Un tiburón acercándose a un cable en el fondo del océano y clavándole los dientes parece una escena creada para hacerse viral. El vídeo existe y en 2014 alimentó la idea de que los tiburones podían amenazar Internet. Pero estos animales no son los únicos que históricamente han interactuado con los cables submarinos: también se han documentado daños causados por barracudas y otros peces, mientras que antiguas instalaciones llegaron a protagonizar encuentros mucho más insólitos con grandes animales marinos.
Las claves de los animales y los cables submarinos en 30 segundos
- Los tiburones han mordido cables submarinos, aunque actualmente representan un riesgo excepcional.
- Documentos técnicos también identifican a barracudas y otros peces entre los responsables históricos de daños.
- Las mordeduras podían perforar el aislamiento y provocar fallos eléctricos.
- Los diseños modernos, el blindaje y el enterramiento han reducido enormemente estos incidentes.
- El verdadero peligro sigue siendo humano: pesca y anclas causan alrededor del 70-80 % de las averías actuales.
La distinción es importante porque bajo la etiqueta de «ataques de tiburones» se ha simplificado durante años una historia bastante más amplia. Las estadísticas de la industria suelen agrupar estos incidentes históricos dentro de categorías como mordeduras de peces, por lo que no siempre es posible identificar qué especie provocó cada avería.
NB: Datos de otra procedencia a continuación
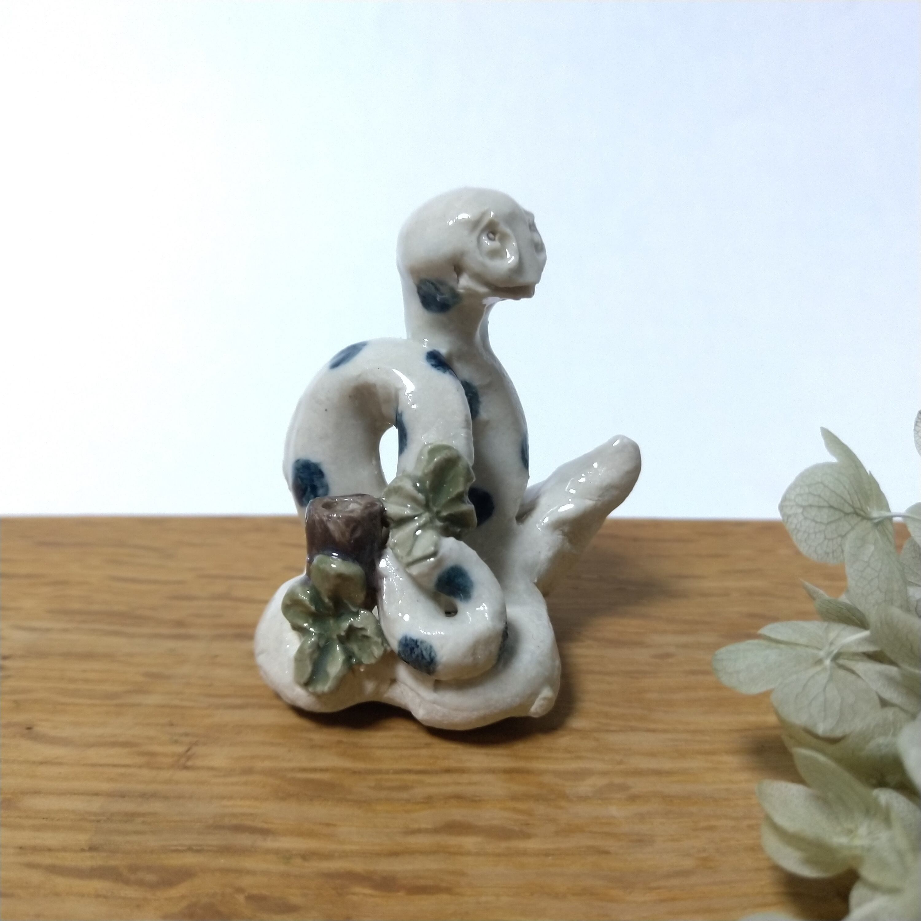 2025年の干支でもある、ちびサイズの巳(ヘビ)が雲型の土台にのっているシリーズです。
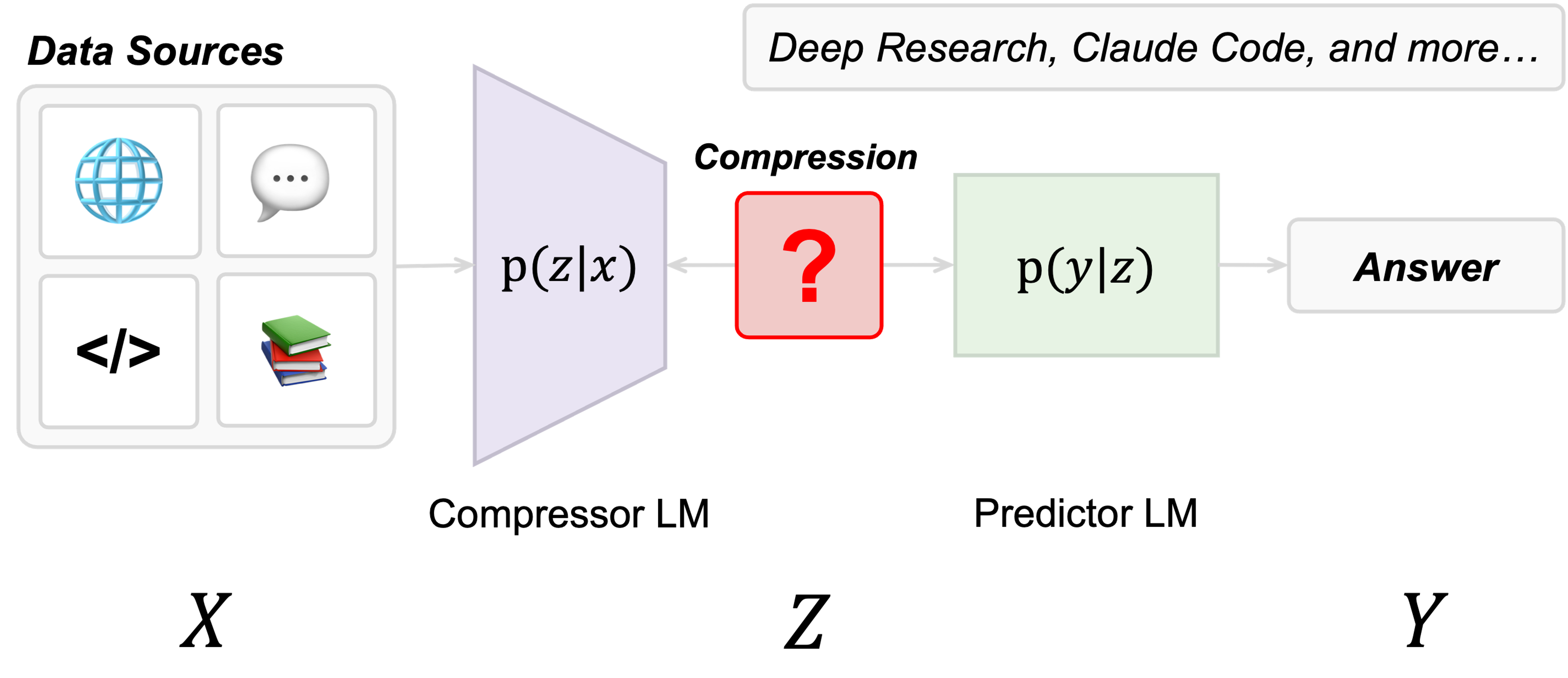 TL;DR Many contemporary agentic systems exhibit a clear pattern: larger models interact with the user and orchestrate smaller models that directly interface with the data. In “Deep Research” systems (Google, Anthropic), smaller worker models analyze targeted search results and provide summaries to a larger orchestrator model, which synthesizes a final research report. This separation of control and data plane is also evident in Claude Code and relatives (OpenCode), but it is unclear where scaling actually pays off. This compression-prediction structure isn’t new, an information-theoretic model helps us derive design principles that guide compute spending. Looking at the information actually communicated between the models showed that investing in compressors for relatively cheap mitigates the need for expensive frontier predictors.

Lo que sí está documentado es que determinados animales han dejado incluso sus dientes incrustados en las cubiertas de antiguos cables.
Y tampoco conviene imaginar los fondos oceánicos como un campo de batalla entre la fauna marina e Internet. En las redes actuales, las averías relacionadas con animales son extraordinariamente raras frente a las provocadas accidentalmente por actividades humanas. TeleGeography señala que entre 2007 y 2014 no se atribuyó ningún fallo de cable a mordeduras de peces, categoría que incluye a los tiburones.
Del famoso tiburón a las barracudas que también mordían cables
La historia más conocida comenzó con unas imágenes que alcanzaron una enorme difusión en 2014.
El vídeo mostraba a un tiburón acercándose a un cable submarino, mordiéndolo y alejándose después. La secuencia generó titulares sobre tiburones interesados en las conexiones de Internet.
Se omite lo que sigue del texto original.